Abstract
Here we report a case study of a severe acute respiratory syndrome coronavirus 2 (SARS-CoV-2) outbreak event during bus trips of an index patient in Hunan Province, China. This retrospective investigation suggests potential airborne transmission of SARS-CoV-2 and the possibility of superspreading events in certain close contact and closed space settings, which should be taken into account when control strategies are planned.
Keywords: SARS-CoV-2, COVID-19, probable airborne transmission, vehicles
The pandemic of coronavirus disease 2019 (COVID-19) is imposing a serious threat to global public health and the economy. While the World Health Organization (WHO) and the US Centers for Disease Control and Prevention (CDC) have stated that direct contact with respiratory droplets from sneezing and coughing patients or contaminated fomites is the predominant transmission route of severe acute respiratory syndrome coronavirus 2 (SARS-CoV-2), the causative pathogen for COVID-19, there have been speculations about the possibility of aerosol transmission and its contribution to the pandemic [1, 2]. Aerosols containing viable SARS-CoV-2 particles have been detected in hospitals [3, 4] and have been shown to last for 3 hours in laboratory conditions [5]. In addition, there have been several studies reporting transmission events from asymptomatically infected individuals or from COVID-19 patients during their presymptomatic incubation period, further indicating the possibility of aerosol transmission [6, 7]. Here we report a contact-tracing study on a COVID-19 outbreak event involving public transportation in Hunan Province, China. In this outbreak, we identified 10 lab-confirmed infections directly associated with exposure to a single COVID-19 patient during bus trips. This case study adds useful information to our understanding of the transmission route of SARS-CoV-2.

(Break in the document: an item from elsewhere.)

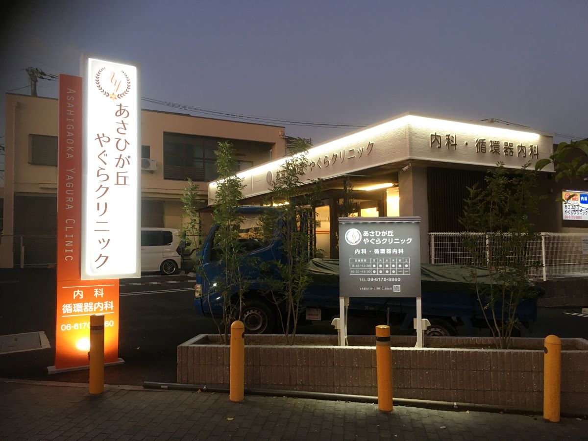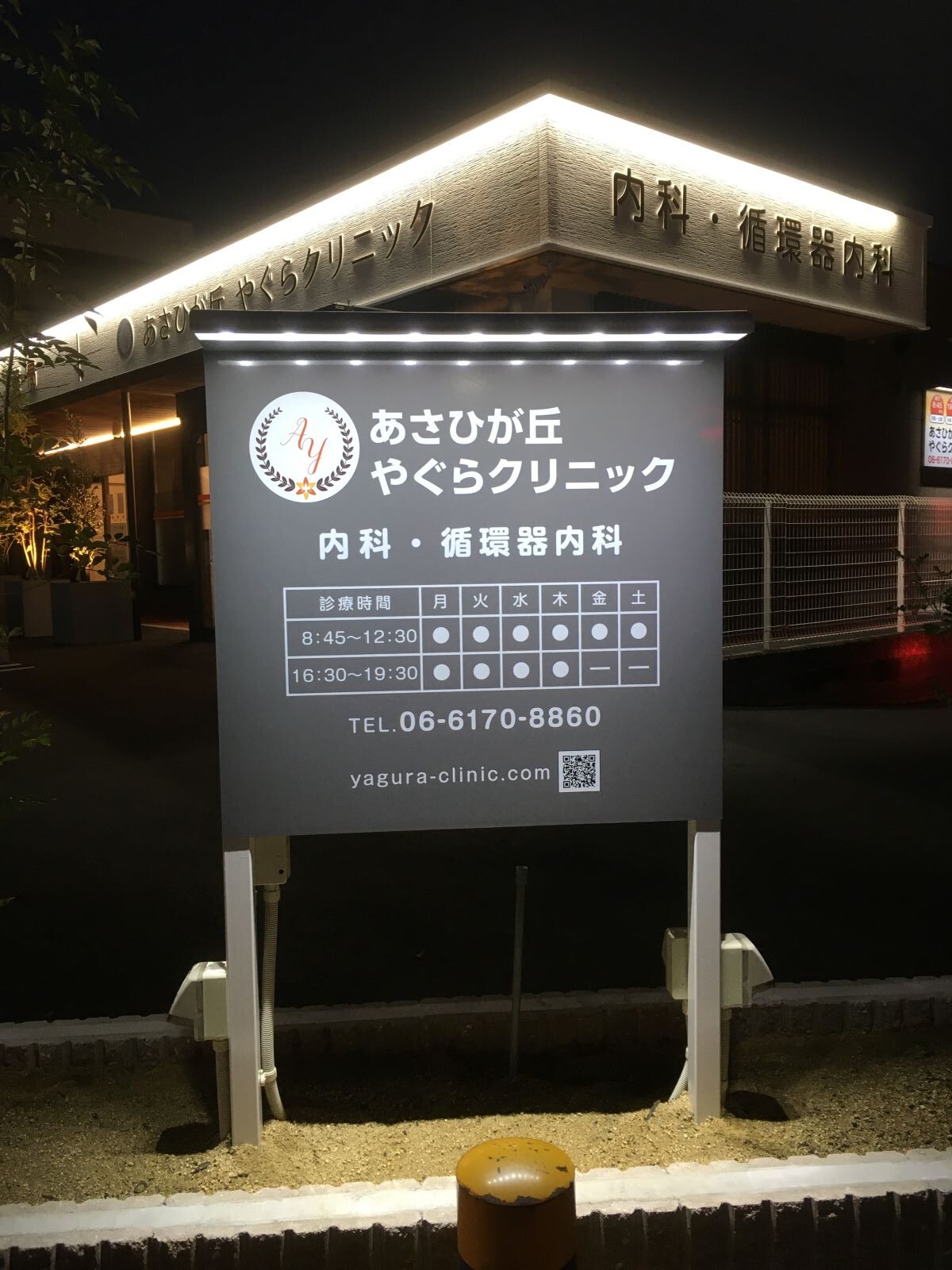 光る立体文字で夜でも分かりやすく、スタイリッシュな外観にリニューアルしました…

The primary case (Patient A), who worked at Place I, had symptom onset on January 22 and tested positive for SARS-CoV-2 on January 29. According to a retrospective investigation, 5 and 3 days before his onset of symptoms, respectively, he had meals and work-related contact with his colleague (infection source) who had onset on January 14 and tested positive on January 16, 2020. On January 22, 2020, Patient A traveled without wearing a face mask from Place I to Place III via public transportation, with a transfer at Place II. The first ride on a tour coach took 2.5 hours, and the second ride on a minibus took about 1 hour. After he was confirmed to have COVID-19, a total of 243 close contacts of Patient A and subsequently identified infections were traced and monitored.
METHODS
According to the guidelines of the New Coronavirus Pneumonia Prevention and Control Program (4th edition) published by the National Health Commission of China [8], nasopharyngeal swabs were collected from suspected cases, including Patient A and contacts with subsequent illness onsets and all traced close contacts of confirmed cases. The specimens underwent a real-time reverse transcription polymerase chain reaction (RT-PCR) assay [9]. In addition, an epidemiological survey was administered on each suspected case to inquire about his or her travel history and close contacts. Details regarding the seating arrangement on the buses and loading and unloading stops of all passengers were obtained from the public transportation authority.
RESULTS
A total of 243 individuals, in addition to Patient A, were investigated for the cluster of COVID-19 cases who were epidemiologically linked to the bus trips of Patient A on January 22, 2020. Of these individuals, 12 tested positive and were confirmed to be COVID-19 cases. The remaining 231 test-negative individuals returned home after a 14-day quarantine period. The detailed timeline of illness onset for all cases is presented in Figure 1A.
Figure 1. .
The transmission chain of severe acute respiratory syndrome coronavirus 2 and the seat arrangement of passengers in public transportation vehicles. A, The transmission chain of a coronavirus disease 2019 outbreak on buses in Hunan Province, China. Arrows indicate transmission links and directions. B, The seat arrangement of passengers who shared a ride with the index patient on a tour coach. Passengers are colored by disease status: index case (red), secondary cases (orange), secondary asymptomatic infection (yellow), and uninfected passengers (blue). Arrows indicate the paths of boarding and debussing. C, The seat arrangement of passengers who shared a ride with the index patient on a minibus. Passengers are colored by disease and face mask–wearing status: index case (red), secondary cases (orange), and uninfected passengers (green if wearing a mask and blue if not).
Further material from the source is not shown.